WHAT YOU WILL DO: Each line from the first entry to the line with "Realizzata in gesso", both included, is to be returned unchanged, with any pictures dropped.

GIVEN INFORMATION:
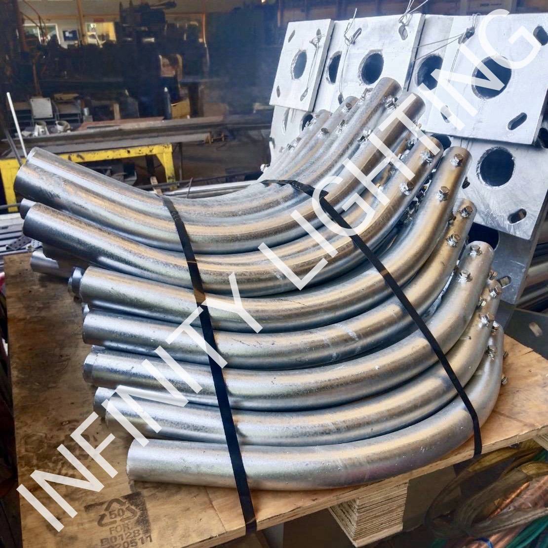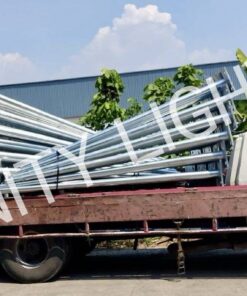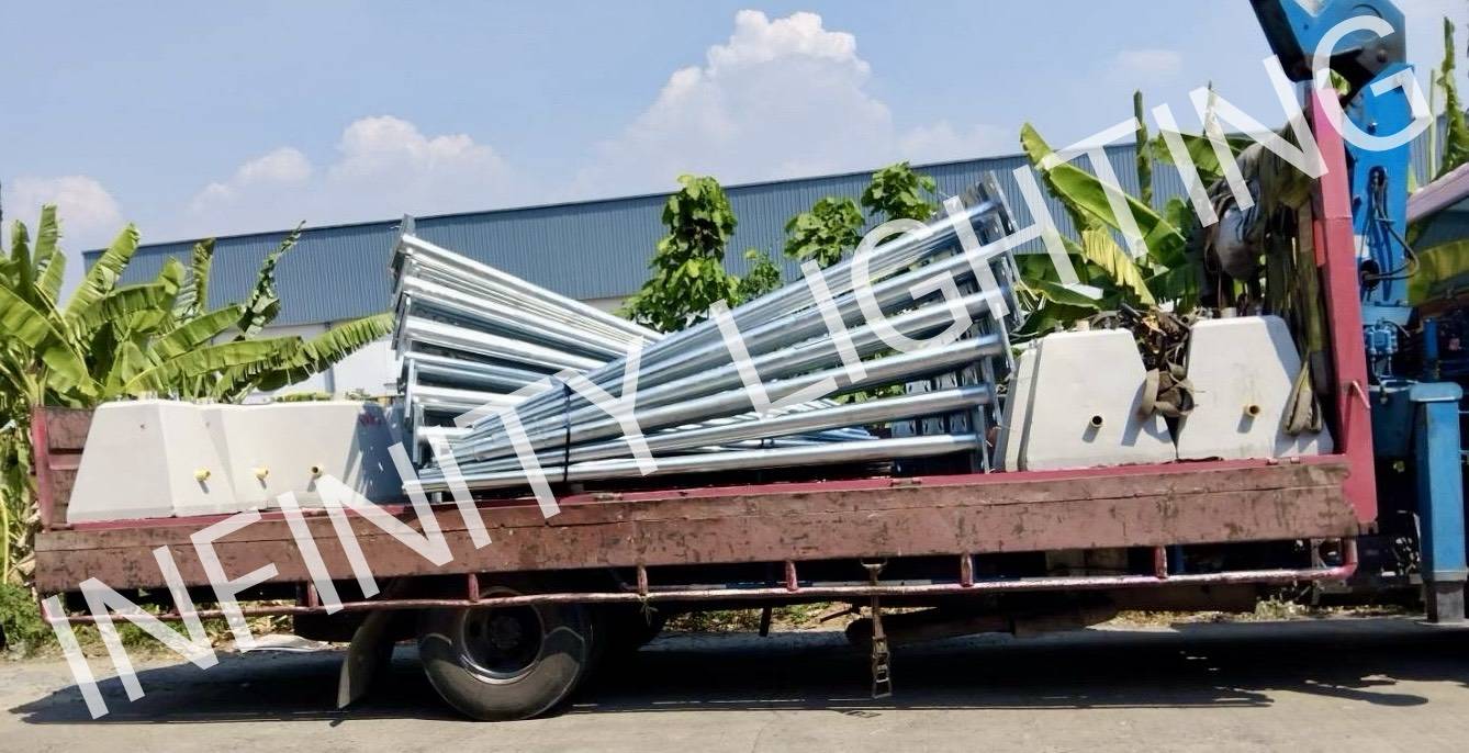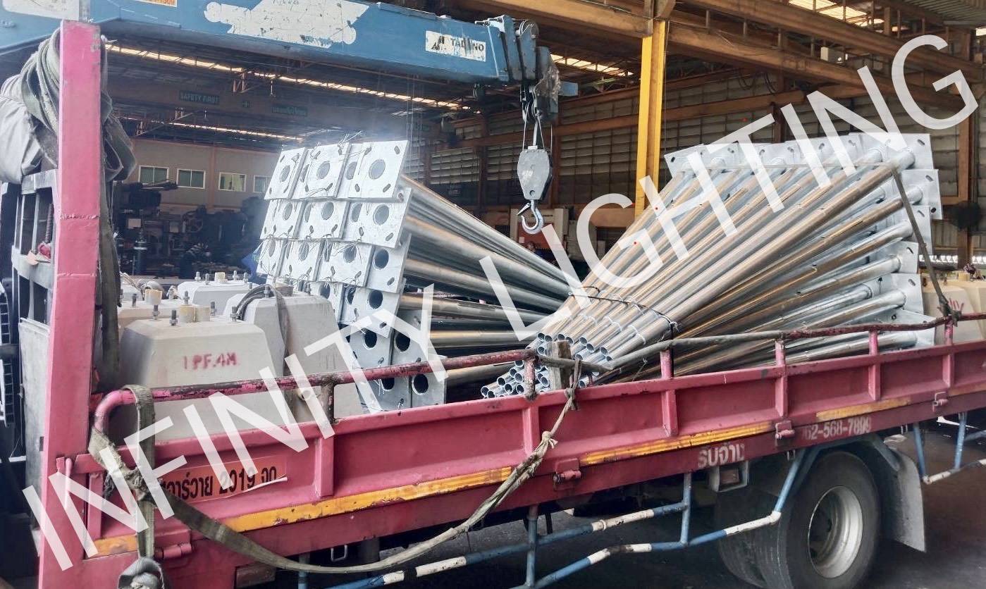 งานเสาไฟถนน สูง 3 เมตร กิ่งเดี่ยว และ กิ่งคู่ ชุบกัลวาไนซ์ พร้อมตอม่อฐานรากเสาไฟ ขนาด 300x600x600mm. ระยะน็อต 200mm.
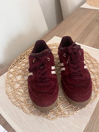 Zapatillas deportivas de Stradivarius combinada en piel en color burdeos con detalles blancos. - Cierre con cordones. - Detalle de franjas laterales.
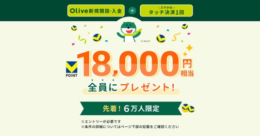 先着6万名さま限定 Olive新規開設+10万円入金で15,000円相当もらえる!キャンペーン+スマホタッチ決済“1回”で3,000円相当もらえるお得なVポイントPayギフトも
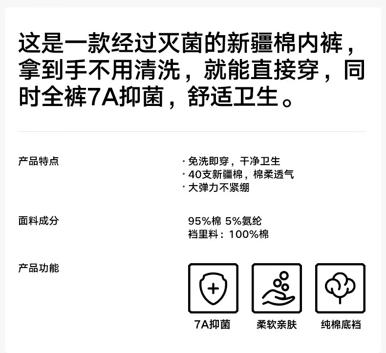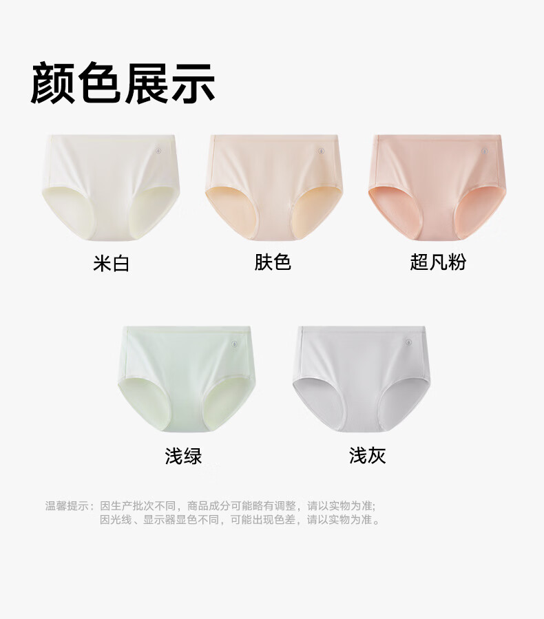 松山棉店【首穿免洗】新疆棉7A抑菌内裤女士无痕透气三角裤弹力舒适独立装 浅绿+肤色+浅灰 3条 L 推荐:115-130斤
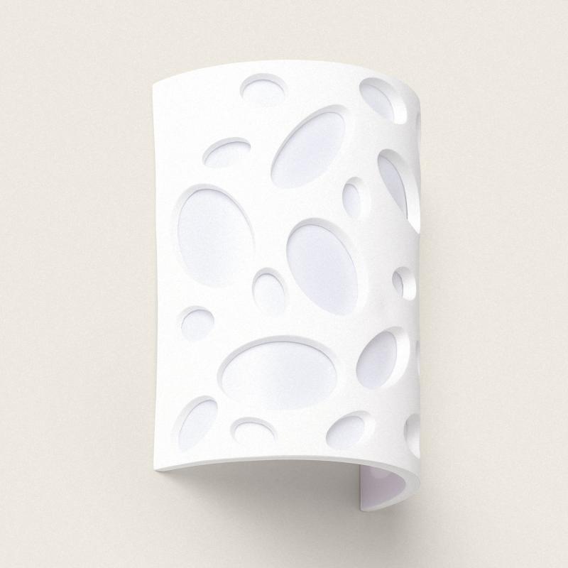 Realizzata in gesso di alta qualità, presenta un design unico con fori strategicamente posizionati, attraverso i quali filtra la luce, creando un effetto visivo incantevole. Ideale per l'uso in interni, questa applique aggiunge un tocco distintivo e moderno a qualsiasi spazio. La sua illuminazione morbida e diffusa offre un'atmosfera accogliente ed elegante, perfetta per mettere in risalto la bellezza di qualsiasi ambiente.
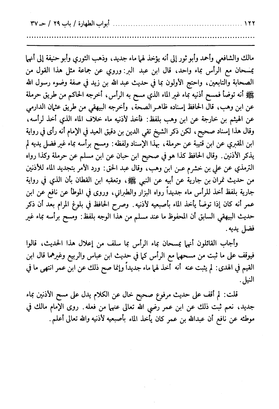 وَرُوِيَ عَنْ جَمَاعَةٍ مِثْلُ هَذَا الْقَوْلِ مِنَ الصَّحَابَةِ وَالتَّابِعِينَ وَاحْتَجَّ الْأَوَّلُونَ بِمَا فِي حَدِيثِ عَبْدِ اللَّهِ بْنِ زَيْدٍ فِي صِفَةِ وُضُوءِ رَسُولِ اللَّهِ صَلَّى اللَّهُ عَلَيْهِ وَسَلَّمَ أَنَّهُ تَوَضَّأَ فَمَسَحَ أُذُنَيْهِ بِمَاءٍ غَيْرِ الْمَاءِ الَّذِي مَسَحَ بِهِ الرَّأْسَ أَخْرَجَهُ الْحَاكِمُ من طريق حرملة عن بن وَهْبٍ قَالَ الْحَافِظُ إِسْنَادُهُ ظَاهِرُ الصِّحَّةِ وَأَخْرَجَهُ الْبَيْهَقِيُّ مِنْ طَرِيقِ عُثْمَانَ الدَّارِمِيِّ عَنِ الْهَيْثَمِ بن خارجة عن بن وَهْبٍ بِلَفْظِ فَأَخَذَ لِأُذُنَيْهِ مَاءً خِلَافَ الْمَاءِ الَّذِي أَخَذَ لِرَأْسِهِ وَقَالَ هَذَا إِسْنَادٌ صَحِيحٌ لَكِنْ ذَكَرَ الشَّيْخُ تَقِيُّ الدِّينِ بْنُ دَقِيقِ الْعِيدِ فِي الْإِمَامِ أَنَّهُ رَأَى فِي رِوَايَةِ بن المقبري عن بن قُتَيْبَةَ عَنْ حَرْمَلَةَ بِهَذَا الْإِسْنَادِ وَلَفْظُهُ وَمَسَحَ بِرَأْسِهِ بِمَاءٍ غَيْرِ فَضْلِ يَدَيْهِ لَمْ يَذْكُرْ الْأُذُنَيْنِ
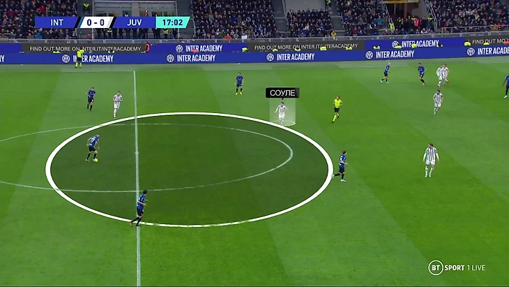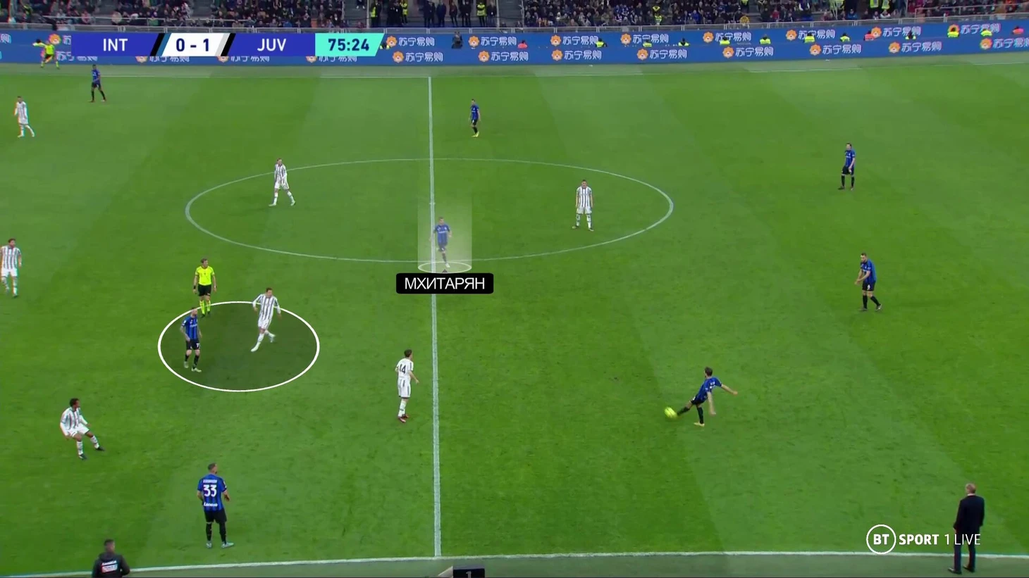 Базовым сценарием встречи стало сдерживание «Ювентусом» розыгрышей «Интера» в центре поля. Команда Аллегри регулярно ловила соперника в однотипную ловушку. Соуле персонально перекрывал Брозовича, Влахович играл по Де Врею, а один из центральных полузащитников выдвигался, чтобы надавить на центрального защитника с мячом. Справа эту работу проделывал Николо Фаджоли:
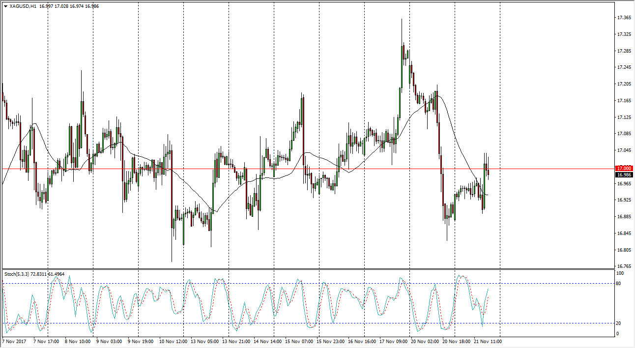 Overall, I think that the market will continue to tread water between now and the end of the year, unless there is some type of external influence, perhaps a geopolitical issue, or maybe the Federal Reserve being a bit more hawkish than initially anticipated. I think that Silver is probably very choppy and difficult to deal with, but if you have the ability to trade short-term charts, this might be a nice way to put money to work over the next several weeks. After New Year’s Day, we may see more volatility under the market, but I think right now it’s likely that Silver continues to be somewhat difficult to get a handle on for a longer-term move. Having said that, the Americans have just labeled North Korea as a terror supporting nation, so it’s possible there may be something coming out of that part of the world that gets people scared and running for precious metals. However, we have seen in the past that any search higher tends to be short-lived.
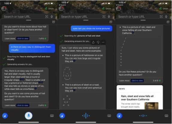 網(wǎng)友 Michael P.Frank 詢(xún)問(wèn)必應聊天,如何區分“hail”(冰雹)和“sleet”(雨夾雪)兩個(gè)單詞。必應聊天通過(guò) ASCII 圖稿的方式展示了兩者的區別,表示“冰雹”出現在“汽車(chē)”上,“雨夾雪”出現在“道路”上。
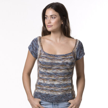 Tahki Yarns Bower Shell designed by Irina Poludnenko is worked in sections, starting with the center section of the back. The side sections of the back piece are picked up and worked out. The front is worked the same as the back. Sleeves are worked separately. Three coordinated shades of Tahki Yarns Tandem are artfully combined to create this fitted top, which presents horizontal stripes in the center panels, accentuated by slimming vertical stripes on the side segments. Solid-color cap sleeves finish the look.
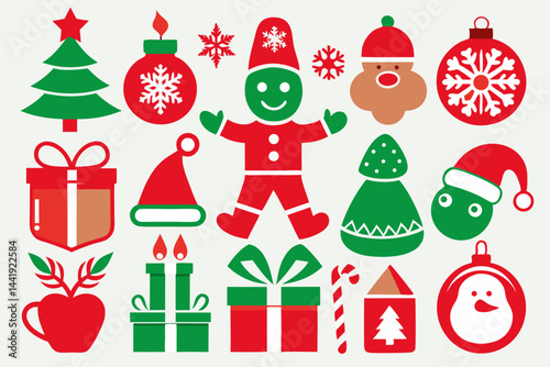 Christmas color icon set silhouette

WORKED SOLUTION:
 งานเสาไฟถนน สูง 3 เมตร กิ่งเดี่ยว และ กิ่งคู่ ชุบกัลวาไนซ์ พร้อมตอม่อฐานรากเสาไฟ ขนาด 300x600x600mm. ระยะน็อต 200mm.
 Zapatillas deportivas de Stradivarius combinada en piel en color burdeos con detalles blancos. - Cierre con cordones. - Detalle de franjas laterales.
 先着6万名さま限定 Olive新規開設+10万円入金で15,000円相当もらえる!キャンペーン+スマホタッチ決済“1回”で3,000円相当もらえるお得なVポイントPayギフトも
 松山棉店【首穿免洗】新疆棉7A抑菌内裤女士无痕透气三角裤弹力舒适独立装 浅绿+肤色+浅灰 3条 L 推荐:115-130斤
 Realizzata in gesso di alta qualità, presenta un design unico con fori strategicamente posizionati, attraverso i quali filtra la luce, creando un effetto visivo incantevole. Ideale per l'uso in interni, questa applique aggiunge un tocco distintivo e moderno a qualsiasi spazio. La sua illuminazione morbida e diffusa offre un'atmosfera accogliente ed elegante, perfetta per mettere in risalto la bellezza di qualsiasi ambiente.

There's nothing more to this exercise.